Paediatric Burns
Introduction
- Prevention better than cure
- Hot water maximum 50 degrees
- Flame-resistant clothing
- Spill-proof cups
- Child-resistant taps
- Smoke detectors
- Differences to adults
- Consider NAI, thinner skin (so deeper burn for given contact), greater surface area to mass ratio (so increased risk of hypothermia)
- Burn depth estimation more difficult due to thinner skin
- Require burns fluid resuscitation at 10% BSA (vs. 20% in adults) – RCH
Classification
- Evolves over 24-48 hours
- Superficial
- Only epidermal layer involved
- Blistering may occur over days
- Epidermis often peels within 3-7 days and completely healed by 7-10 days
- Partial thickness
- Whole epidermis and part of dermis
- Superficial
- Papillary layer of dermis
- Erythema with blistering
- Skin under blister is pink/red and moist
- Extemely painful as nerve endings exposed
- Heal in 2-3 weeks
- Brisk capillary return
- Deep
- Reticular layer of dermis
- May be less painful due to oedema lessing nerve exposure
- Paler in colour with speckled thrombosed superficial vessels
- Non-blanching or sluggish capillary return
- Heal over 3-6 weeks
- Skin grafting is sometimes necessary
- Scarring is common
- Full thickness
- Epidermis, papillary and reticular dermis + all dermal appendages
- Dry, hard, white, leathery or black
- No sensation and pain due to peripheral partial thickness burns
- Non-blanching
Location
- Facial, hand, foot and perineal burns difficult to dress AND scarring is a much bigger deal
History
- Heat and contact time
- Clothing
- Enclosed space
- Any loss of consciousness
- Potential toxic exposure
- NAI
- PMHx
- Immunisation
Examination
- Primary survey
- Analgesia ++
- Check circulatory status of limbs in circumferential burns and ELEVATE no matter what
- Burn area
- Lund-Brower chart (not including superficial)

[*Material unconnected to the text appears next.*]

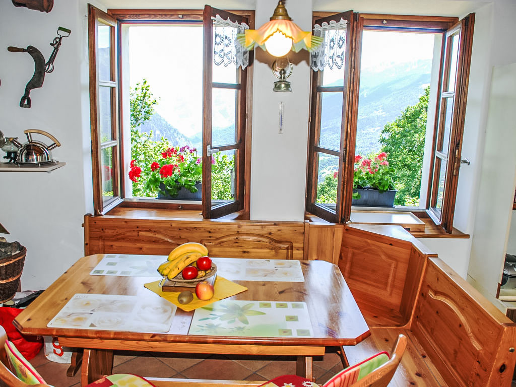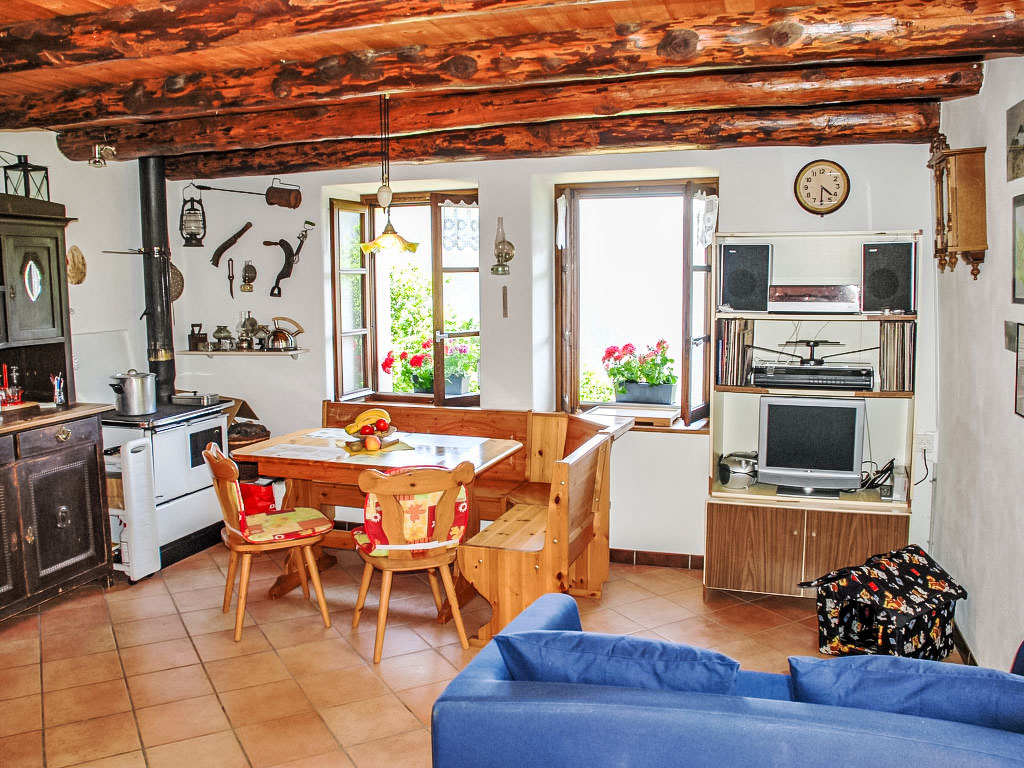 "Rustico Piancabella", 2-Zimmer-Haus 70 m2 auf 2 Stockwerken, Südlage. Teilweise abgeschrägt, einfach und komfortabel eingerichtet: offenes kleines Wohn-/Esszimmer mit 1 Diwanbett (120 cm, Länge 180 cm), Esstisch, Radio, Stereoanlage und Holzofen. Ausgang zum Garten, zum Gartensitzplatz. Offene Küche (3 Kochplatten) mit Essecke. Dusche/WC. Obergeschoss: (steile Treppe) 1 abgeschrägtes, offenes Zimmer, Deckenhöhe 120 - 155 cm mit 2 Betten (90 cm, Länge 200 cm), 1 Doppelbett (160 cm, Länge 200 cm). Natursteinböden. Terrasse teilweise überdacht, Südlage. Terrassenmöbel, Gartengrill (mobil), Liegestühle (3). Herrliche Panoramasicht auf die Berge, das Tal und die Landschaft. Zur Verfügung: Kinderhochstuhl, Babybett bis 2 Jahre (extra). Bitte beachten: geeignet für Familien. Nichtraucher-Haus. Maximal 2 Haustiere/Hunde erlaubt. Feuerlöscher.

- Palmar surface of hand and fingers = 1% BSA
- Rule of 9’s if over 10yo
- Secondary survey
- Mainly looking for other injuries including eyes (fluorescein)
Investigations
- CO levels if indicated
- >15% on arrival indicates significant smoke inhalation
- CXR if inhalation suspected
Management
- Pre-hospital/first-aid
- If transfer time >1 hour and >20% BSA, IV fluid replacement should begin
- 20 minutes under running water first aid
- Cover burns with cling wrap (RCH), water-soaked sterile cloth or newer tea trea oil soaked pads
- Analgesia (IN fentanyl +- IV morphine)
- Cardiac monitoring if electrical injury
- Extensive washing if chemical burn
- ED
- Early intubation if indicated
- Suspected airway burn
- Suspected inhalational lung injury
- BSA >60% (to reduce WOB)
- Full thickness circumferential chest burns
- IV access if >20% BSA
- Fluid resuscitation based on time of burn NOT arrival
- IDC for urine output monitoring if >10% BSA or perineal burns
- NG/OG for children with >10% burns due to aerophagia
- Analgesia – Morphine infusion titrated to response in severe burns
- Escharotomy if indicated
- Early intubation if indicated
Fluid resuscitation
- Modified Parkland (Hartmann’s)+ Maintenance crystalloid (N/saline + 5% dextrose)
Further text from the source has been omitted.